Karen Keygnaert is a Belgian-born chef, who won a Michelin star at Restaurant A'Qi. She has since opened Cantine Copine, where she announced she would not be pursuing Michelin stars.

==Career==
Karen Keygnaert was born in the Flanders region of Belgium, and is a native Flemish speaker. In 2009, she opened Restaurant A'Qi with Arnold Hanbuckers. The restaurant was awarded a Michelin star in 2012, and following Hanbucker's retirement the following year, she retained until 2016. At the time, she was the only female chef in Flanders to hold a star. In 2013, she co-authored with Hanbuckers a cookbook based on the dishes served at the restaurant. Keygnaert cooked on board the Taste Boat during Taste Week in 2015, which was a boat which sailed from Bruges to Eeklo. She served seafood on the vessel, based on the menu of Restaurant A'Qi.

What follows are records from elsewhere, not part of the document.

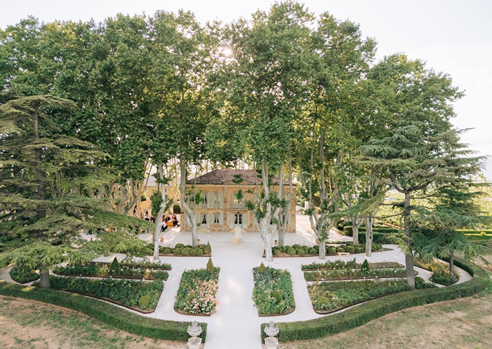 Une magnifique pergola en bois fermée sur trois cotés qui s'ouvre sur le Jardin d'Eden, un jardin au style exotique et typiquement Méditerranéen, avec vue sur le Massif des Maures.La pergola d'une surface de 250 m2 peut contenir jusqu'à 184 personnes assises pour le dîner (tables longues) et 152 personnes assises pour le dîner (tables rondes), tout en gardant assez d'espace pour la soirée dansante.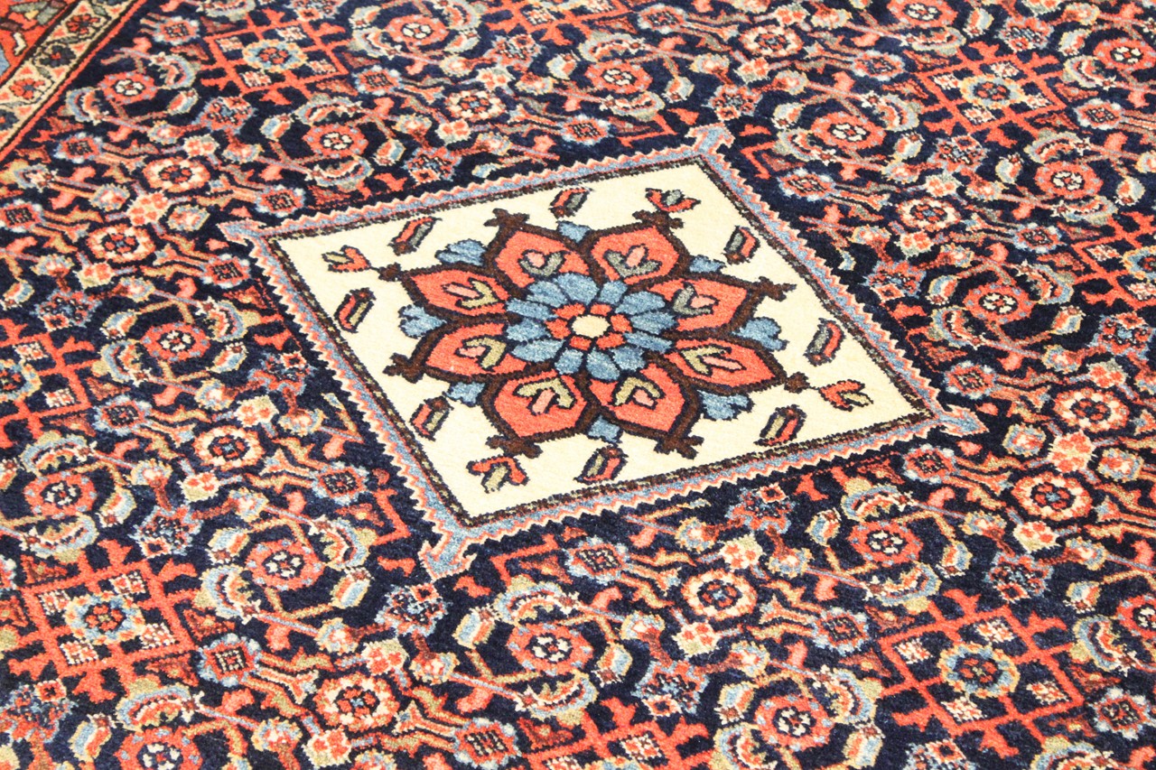 Dette Hamadan-tæppe er ikke efterspurgt i nye indretningskoncepter for ingenting. Det kombinerer en uovertruffen pris med exceptionel kvalitet. På grund af de stærke garner, der bruges i produktionen af Hamadan-tæpper, er dette persiske tæppe særligt holdbart. Det er håndknyttet i byen Hamadan. De ofte geometriske mønstre og ornamenter er tidløse og derfor ekstremt populære i skandinavisk interiør. De dristige farver bringer hygge og varme til dit rum.
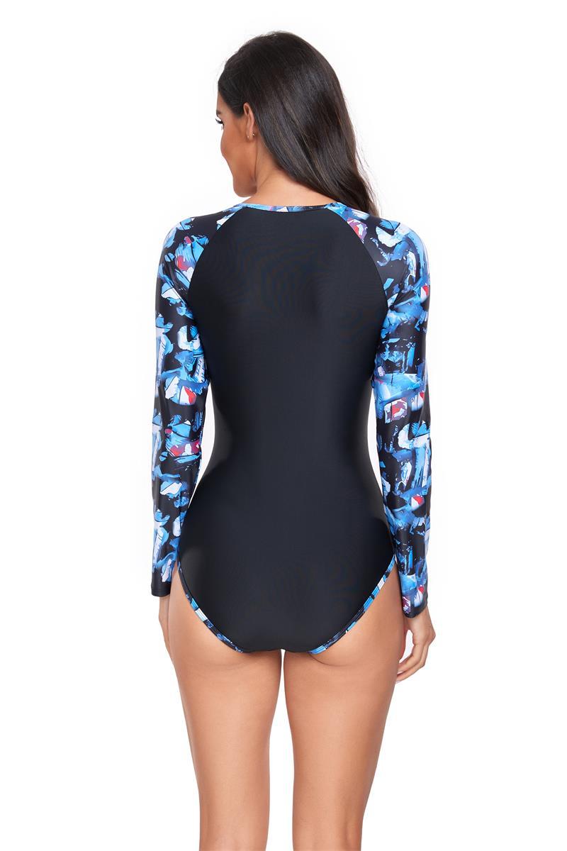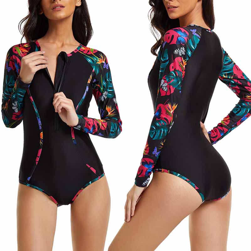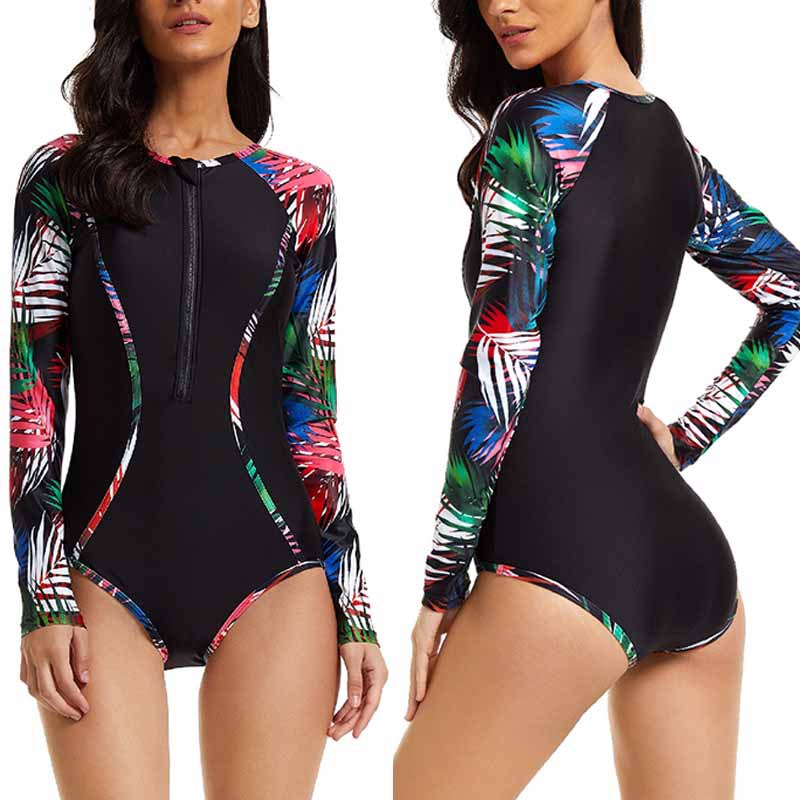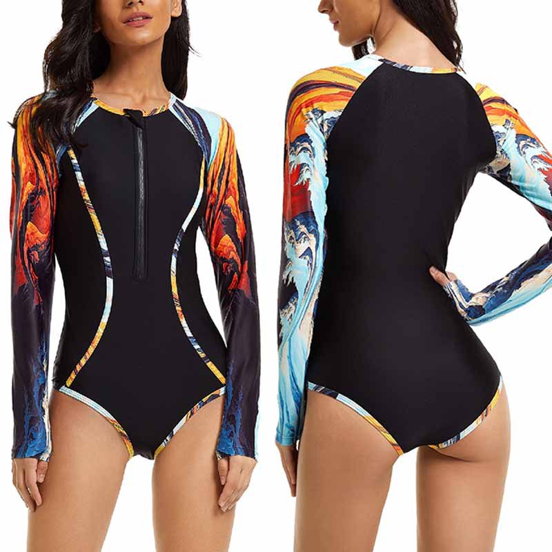 2025 유럽 및 미국 신상 패션 프린트 프린티드 프론트 지퍼 긴팔 여성용 서핑 수영복 (살을 가려주고, 보수적이고, 슬림하게 보이게 하며, 자외선 차단 기능 포함)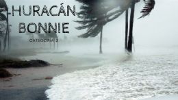 El reporte expedido por el SMN, refiere que el Huracán Bonnie de categoría 2 en la escala Saffir-Simpson, se localizará al sur de las costas de Baja California Sur, sus extensas bandas reforzarán el potencial de lluvias, además de oleaje elevado en el occidente del país. El sistema continuará con su desplazamiento hacia el oeste-noroeste, dejando de afectar costas mexicanas a partir del día jueves.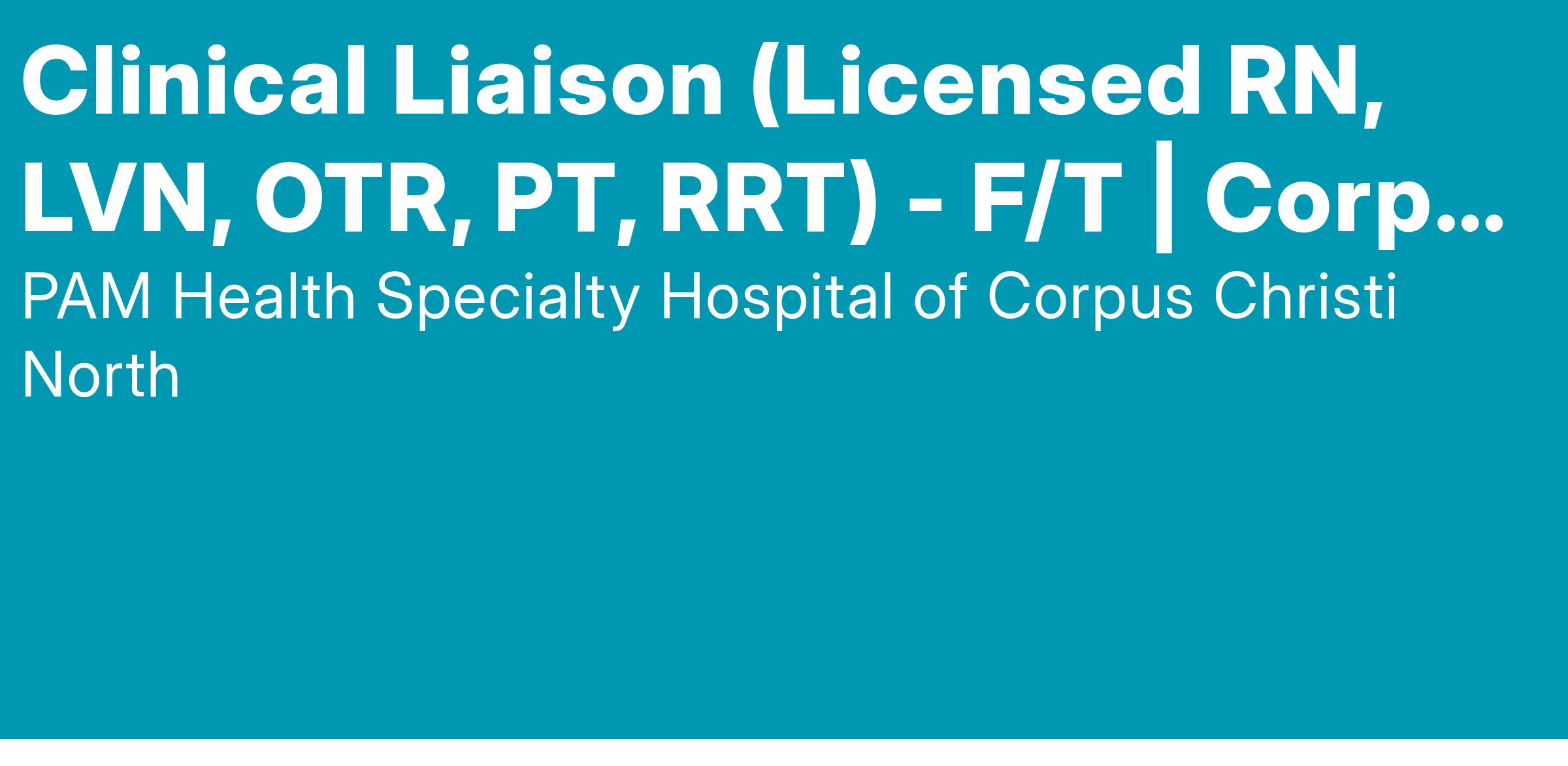 **Quality applicants will have a current license in one of the following: RN, LVN, OTR, PT, RRT or SLP with a minimum of 2 years experience in the designated field of license, preferably with rehabilitation/LTACH; We will consider substituting clinical experience for candidates possessing a robust background in healthcare sales, specifically within hospitals in the Corpus Christi market. Ideal candidates should have a minimum of five years of experience, along with medical knowledge and established networking relationships.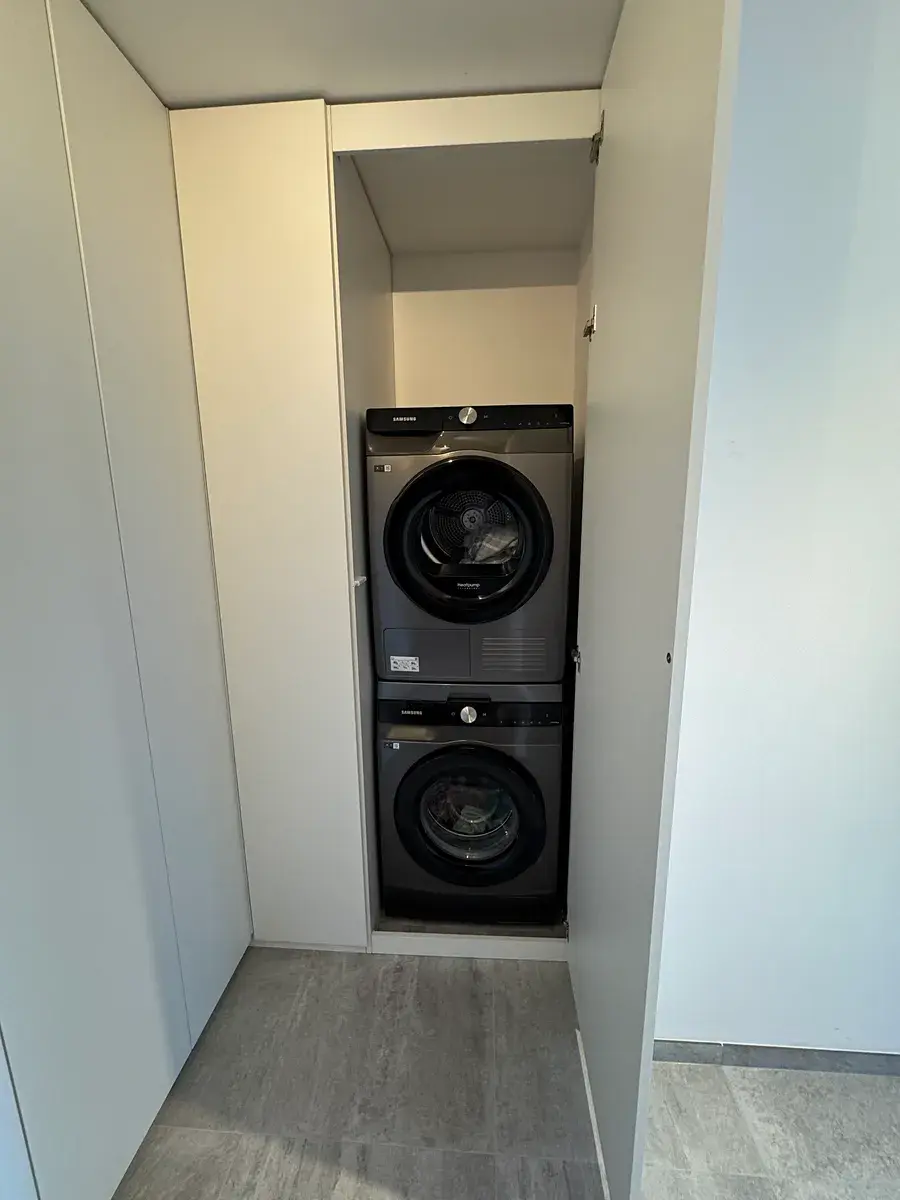 Byt je vybaven vestavěnými skříněmi v chodbě, pračkou a sušičkou. Toto vše zůstává k dispozici nájemcům.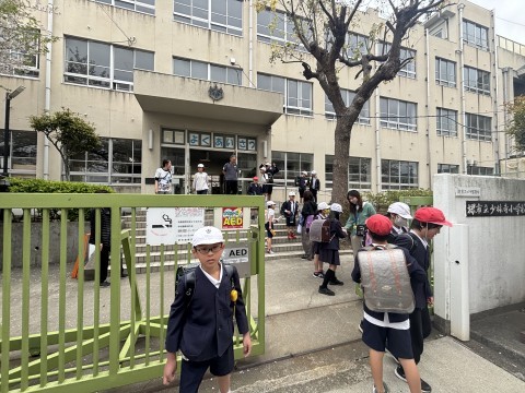 教室で「さよなら」をしたあと,こどもたちは,先生と一緒に正門まできます。

When she decided to leave Restaurant A'Qi and open Cantine Copine, she decided not to pursue Michelin stars. Keygnaert felt it generated different expectations from diners and made the restaurant more exclusion, only being used for special occasions. Keygnaert was not the first Belgian chef to refuse Michelin stars, as Jo Bussels, Christophe Van den Berghe and Frederick Dhooge all had done so previously. When launching Cantine Copine, Keygnaert did so with an entirely female staff. She stated this wasn't deliberate but was done to the individual personality and competencies of the staff members hired. Some of those staff members came with Keygnaert from Restaurant A'Qi, and the restaurant offers an evolution of the same menu.